Judy Perry Martinez, president of the American Bar Association, offered inspiring words to the new Rutgers Law School‒Camden graduates.

“It seems like yesterday that I was standing where you are today, but my yesterday is nothing like where you are today,” Perry Martinez said. “You are facing unprecedented challenges as law school graduates. I know, because of your grit, determination, and commitment, you will thrive.”

Judy Perry Martinez, President of the American Bar Association

Judy Perry Martinez, President of the American Bar Association

In a nearly 10-minute live segment in the ceremony, Rutgers Law Co-Dean Kimberly Mutcherson congratulated the graduating class and acknowledged the pandemic’s impact on everyone. “When we began this academic year, none of us could have imagined how it would end,” said Mutcherson. “‘Disruptive’ is almost too small a word for the way in which our personal, professional, and academic lives have been thrown into upheaval during the last few months. Though a global pandemic is not something you’ve lived through before, many of you are no strangers to adversity or hard work in the face of turmoil. But I don’t want to dwell on the scariness of the world right now because this is a time for joy.”

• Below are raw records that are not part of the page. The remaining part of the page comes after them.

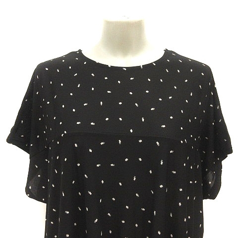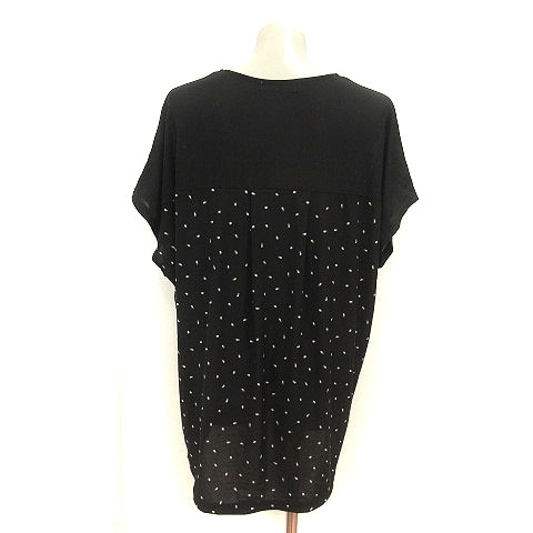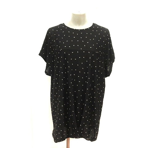 シューラルー SHOO・LA・RUE チュニック 総柄 ドルマンスリーブ 半袖 L 黒 ブラック 白 ホワイト グレー /MS レディース
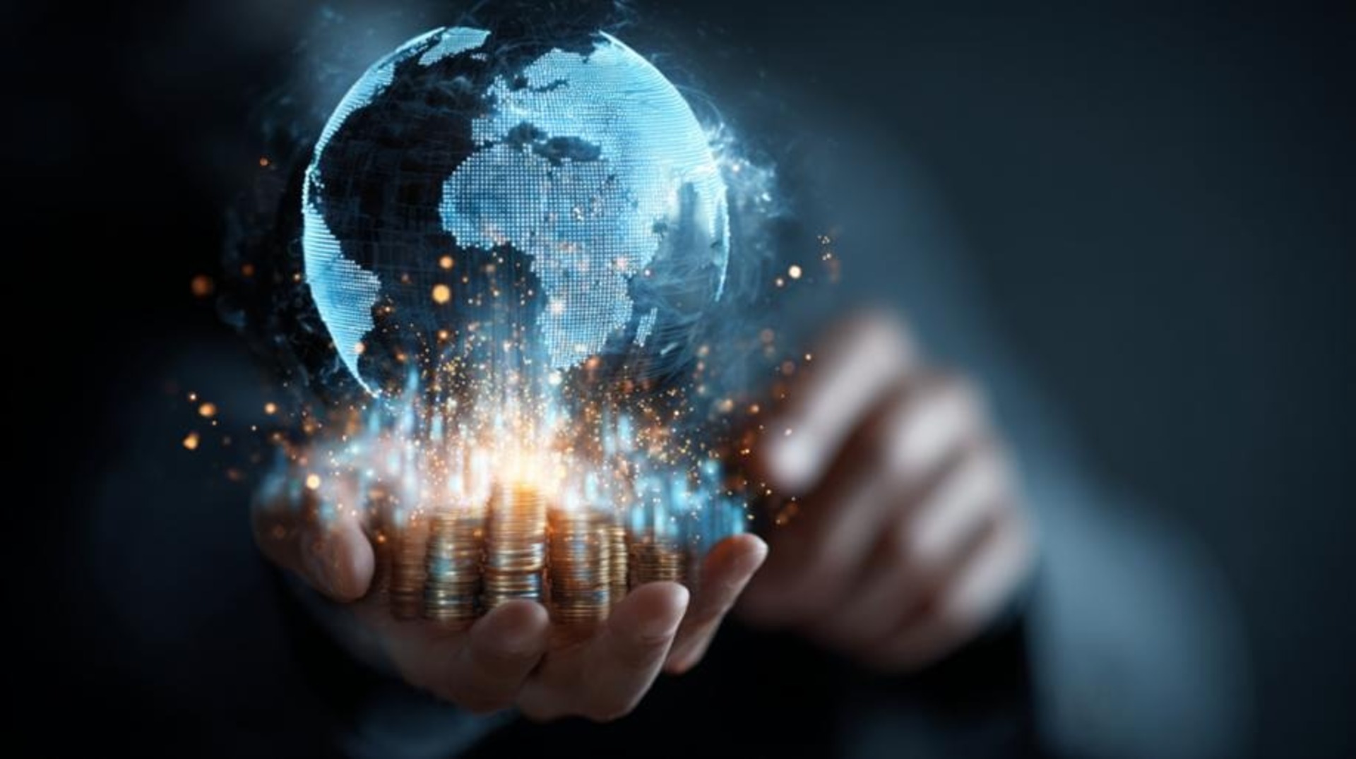 Visual Concept — The Transformation Touch: An entrepreneur’s hand hovers over a glowing touchscreen showing a rotating Earth. Casino chips on her desk morph into shimmering digital stablecoins, spiraling into the globe in blue and gold light. Charts in the background trend upward.
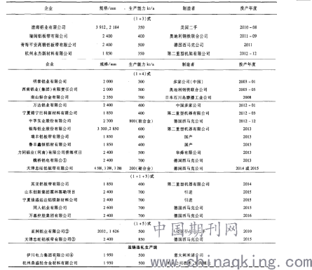 表2 中国在建的铝板带(1+1)热粗-精轧生产线
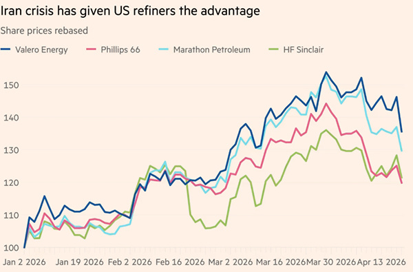 伊朗战事后,美国炼油商股价上涨。 《金融时报》制图
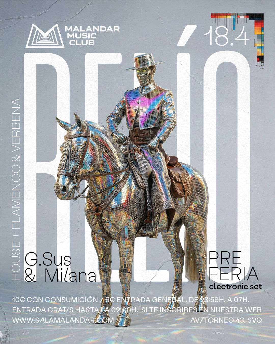 El sábado 18 de abril, G.SUS y Milana pondrán sonido a una noche donde la esencia de la feria se mezcla con la música electrónica más actual y bailable: guiños flamencos, ritmos electrónicos y toda la esencia de la Feria de Sevilla.
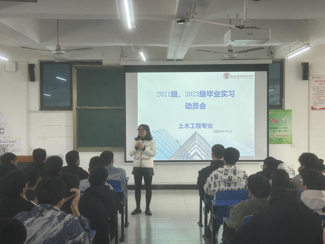 动员会上,欧忙老师详细介绍了实习的具体安排,包括实习单位、实习内容、实习资料填写等;还对实习期间的安全问题进行了着重强调,提醒同学们务必遵守实习单位的规章制度,确保自身安全。欧忙老师指出毕业实习是理论与实践结合的关键环节,能让同学们更好地将所学知识运用到实际工程中,对土木工程专业员工具有重要意义。
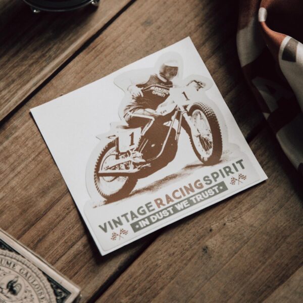 Aufkleber eines Old-School-Flat-Track-Fahrers.
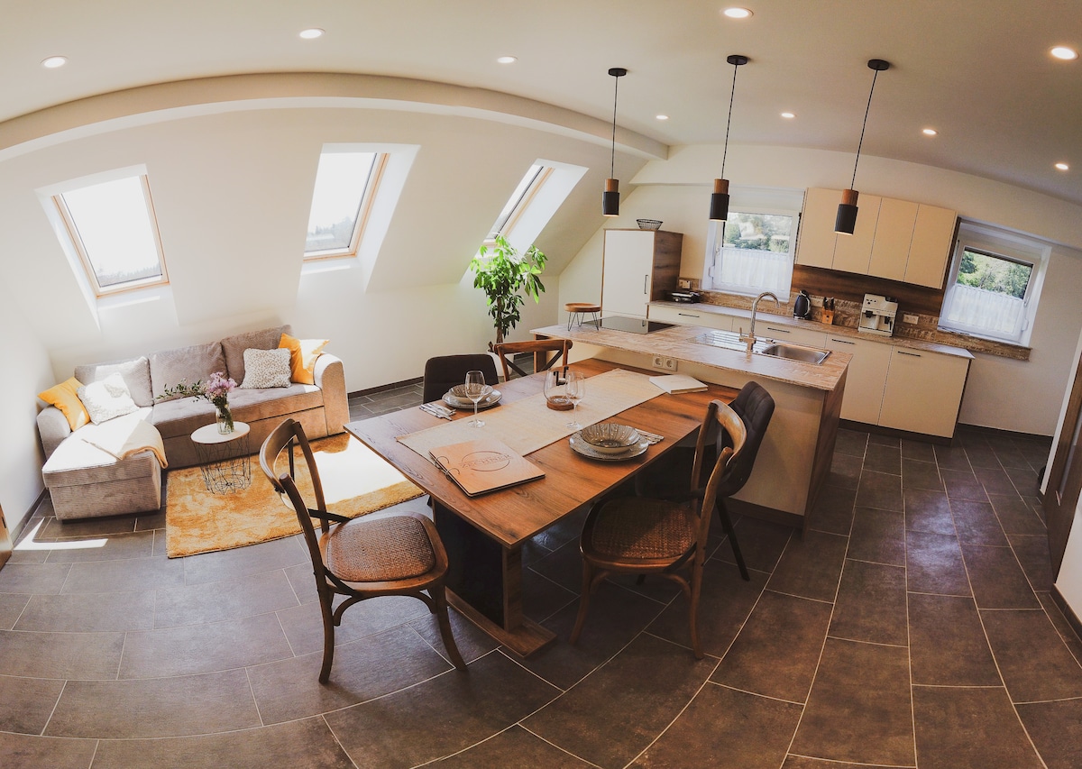 व्होलकरमार्कच्या जुन्या शहरातील मध्ययुगीन घरात छप्पर, मुख्य चौरस आणि हिरव्या अंगणातील दृश्यांसह अपार्टमेंट दुसऱ्या मजल्यावर आहे. जुन्या भिंती आणि सुंदर लाकडी घटक प्रेमळपणे पूर्ववत केले गेले आहेत. ऐतिहासिक चारित्र्याचे जतन करण्यासाठी, आम्ही नैसर्गिक बिल्डिंग मटेरियल वापरले. वॉल्टेड छत आणि रोमँटिक लाकडी पायऱ्या विशेष आहेत. कमी दरवाजे तसेच असमान भिंती आणि फरशी अपार्टमेंटला विशेष आकर्षण देतात.

Robert DiStanislao, owner and president of RDS Enterprises and a member of the Porsche Cars North America Board of Regents, spoke to School of Business graduates. “Be courageous,” said DiStanislao, a 1983 Rutgers–Camden alumnus. “Take a stand. Be the difference. Go out in the world and be successful. And don’t forget your university.”

Michael Palis, provost of Rutgers–Camden, addressed the Class of 2020 for the Graduate School. “Your advanced academic degrees have prepared you to be creative thinkers,” he said. “As graduates, you will be called upon to use what you’ve learned to lead our communities through this crisis and to help build a better tomorrow on the other side of this pandemic.”